**Exercise description:** Your task is to reproduce the listing exactly, without its images.

(Given records)

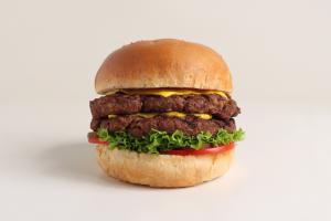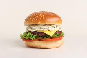 2 عدد برگر۱۸۰ گرمی گوشت گوساله +۲عدد پنیر گودا + کاهو فرانسوی+گوجه+خیارشور+نان کنجدی سحر+ یک عددسس کاسه ای دست ساز
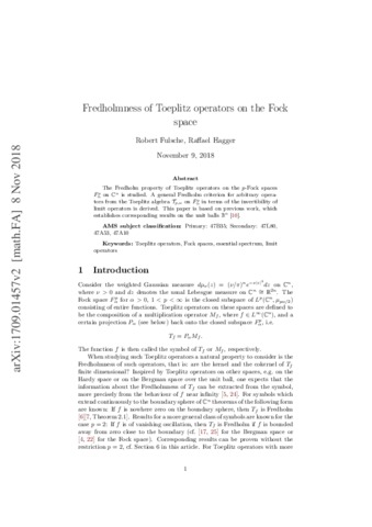 Fulsche, R. and Hagger, R. (2019) Fredholmness of Toeplitz operators on the Fock space. Complex Analysis and Operator Theory, 13 (2). pp. 375-403. ISSN 1661-8262 doi: 10.1007/s11785-018-0803-8
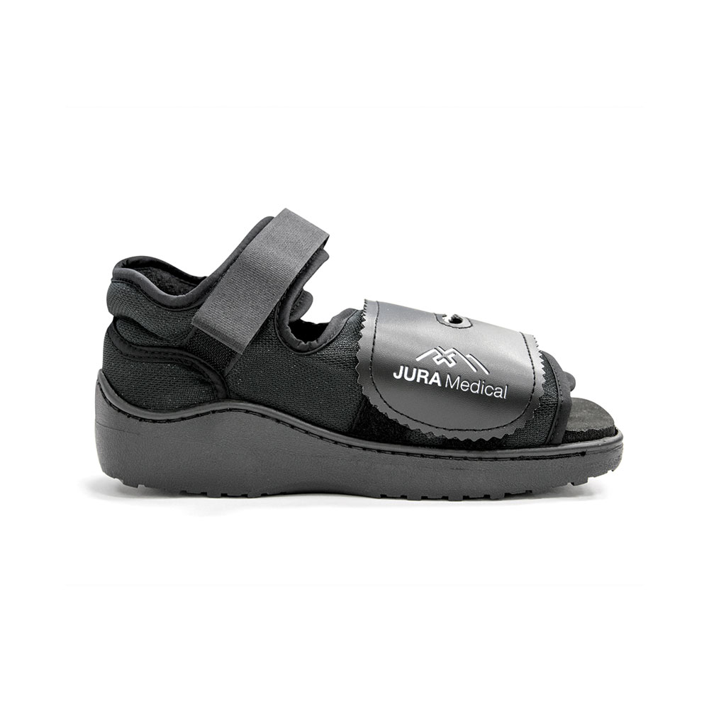 Υπόδημα ελαφρύ. Κατασκευή από αεριζόμενο ύφασμα με εσωτερική υποαλλεργική επένδυση. Άκαμπτη αντιολισθητική και πολυστρωματική σόλα απορρόφησης των κραδασμών. Πελματιαία μαλακή επένδυση, πρόσθιοι ελαστικοί ιμάντες μεγάλου μήκους για ογκώδεις επιδέσεις. Πλένεται. Αμφιδέξιο.
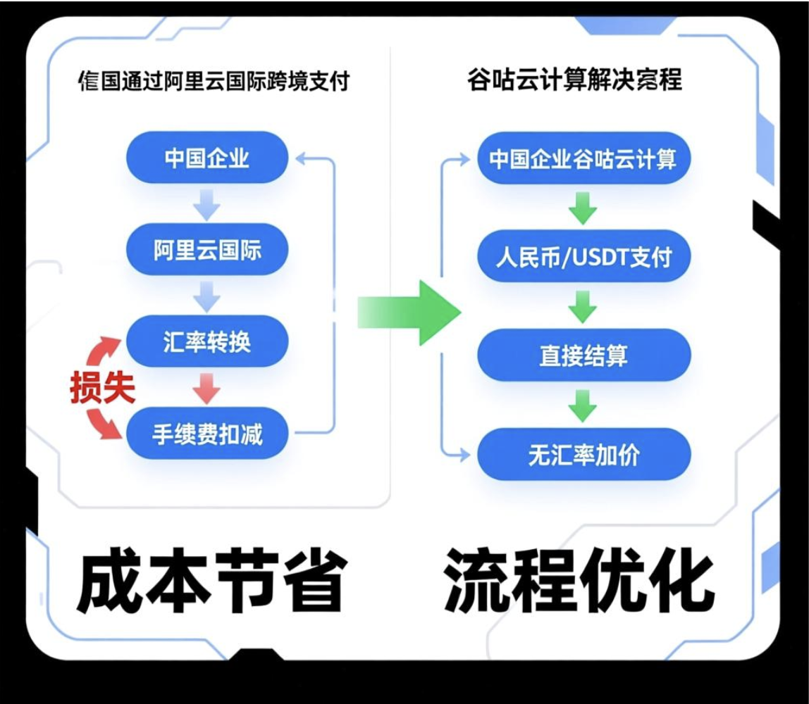 技术细节:谷咕云计算作为阿里云国际代理,提供快速开户接口——用户仅需邮箱注册(如company@example.com),系统自动完成认证(基于企业信息库比对),3分钟内开通阿里云国际账户;支付支持人民币或USDT直付,通过代理渠道直接结算美元账单,绕过银行汇率层,节省3-5%成本(实测数据:支付10000美元省300-500美元)。实施步骤:1. 访问谷咕官网注册;2. 提交企业基本信息(如名称、邮箱);3. 接收账户凭证;4. 绑定人民币银行卡或USDT钱包支付。成本效益分析:以年支付50万元企业为例,传统方案损失1.5-2.5万元,谷咕方案接近零损失,年节省率超4%;优势融入:官方合作确保账户稳定性(99.9%可用性),支付通道加密(SSL/TLS协议),避免风控中断。
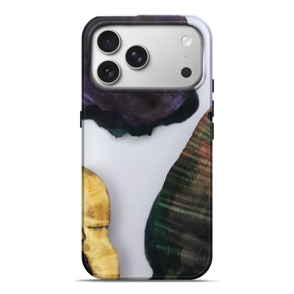 Our Live Edge cases are made from an amazing combination of stabilized wood burl and colored resin. Our stabilization process hardens the wood to protect against cracks and breaks. We do every step of the process at our shop in Northern Indiana. Perfectly fits the iPhone 17 Pro Max.
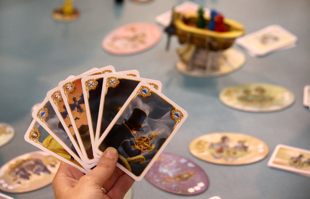 Celestia is a push-your-luck game inspired by Gulliver’s Travels (based on an older game called Cloud 9). The players board a flying ship (there’s a 3D assembly-ready one with the game) and set off: flying through the skies, landing at mystical cities. The key decisions are when to disembark the ship, as the sky is full of dangers and there’s no guarantees you’ll make it to the next destination…
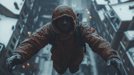 A businessman plunges through the air amidst tall skyscrapers, his figure captured in striking motion blur against a city backdrop.
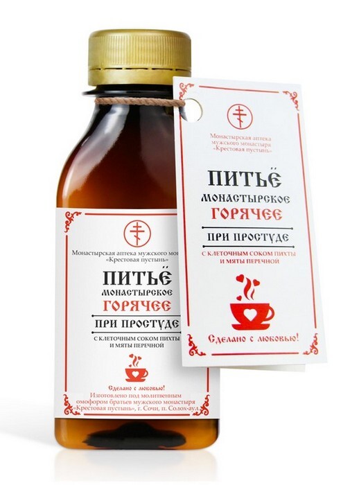 Питье монастырское горячее при простуде - высококонцентрированный эликсир на отваре лекарственных растений, с увеличенным содержанием клеточного сока пихты.

(End Given records)

**Your response:**
 2 عدد برگر۱۸۰ گرمی گوشت گوساله +۲عدد پنیر گودا + کاهو فرانسوی+گوجه+خیارشور+نان کنجدی سحر+ یک عددسس کاسه ای دست ساز
 Fulsche, R. and Hagger, R. (2019) Fredholmness of Toeplitz operators on the Fock space. Complex Analysis and Operator Theory, 13 (2). pp. 375-403. ISSN 1661-8262 doi: 10.1007/s11785-018-0803-8
 Υπόδημα ελαφρύ. Κατασκευή από αεριζόμενο ύφασμα με εσωτερική υποαλλεργική επένδυση. Άκαμπτη αντιολισθητική και πολυστρωματική σόλα απορρόφησης των κραδασμών. Πελματιαία μαλακή επένδυση, πρόσθιοι ελαστικοί ιμάντες μεγάλου μήκους για ογκώδεις επιδέσεις. Πλένεται. Αμφιδέξιο.
 技术细节:谷咕云计算作为阿里云国际代理,提供快速开户接口——用户仅需邮箱注册(如company@example.com),系统自动完成认证(基于企业信息库比对),3分钟内开通阿里云国际账户;支付支持人民币或USDT直付,通过代理渠道直接结算美元账单,绕过银行汇率层,节省3-5%成本(实测数据:支付10000美元省300-500美元)。实施步骤:1. 访问谷咕官网注册;2. 提交企业基本信息(如名称、邮箱);3. 接收账户凭证;4. 绑定人民币银行卡或USDT钱包支付。成本效益分析:以年支付50万元企业为例,传统方案损失1.5-2.5万元,谷咕方案接近零损失,年节省率超4%;优势融入:官方合作确保账户稳定性(99.9%可用性),支付通道加密(SSL/TLS协议),避免风控中断。
 Our Live Edge cases are made from an amazing combination of stabilized wood burl and colored resin. Our stabilization process hardens the wood to protect against cracks and breaks. We do every step of the process at our shop in Northern Indiana. Perfectly fits the iPhone 17 Pro Max.
 Celestia is a push-your-luck game inspired by Gulliver’s Travels (based on an older game called Cloud 9). The players board a flying ship (there’s a 3D assembly-ready one with the game) and set off: flying through the skies, landing at mystical cities. The key decisions are when to disembark the ship, as the sky is full of dangers and there’s no guarantees you’ll make it to the next destination…
 A businessman plunges through the air amidst tall skyscrapers, his figure captured in striking motion blur against a city backdrop.
 Питье монастырское горячее при простуде - высококонцентрированный эликсир на отваре лекарственных растений, с увеличенным содержанием клеточного сока пихты.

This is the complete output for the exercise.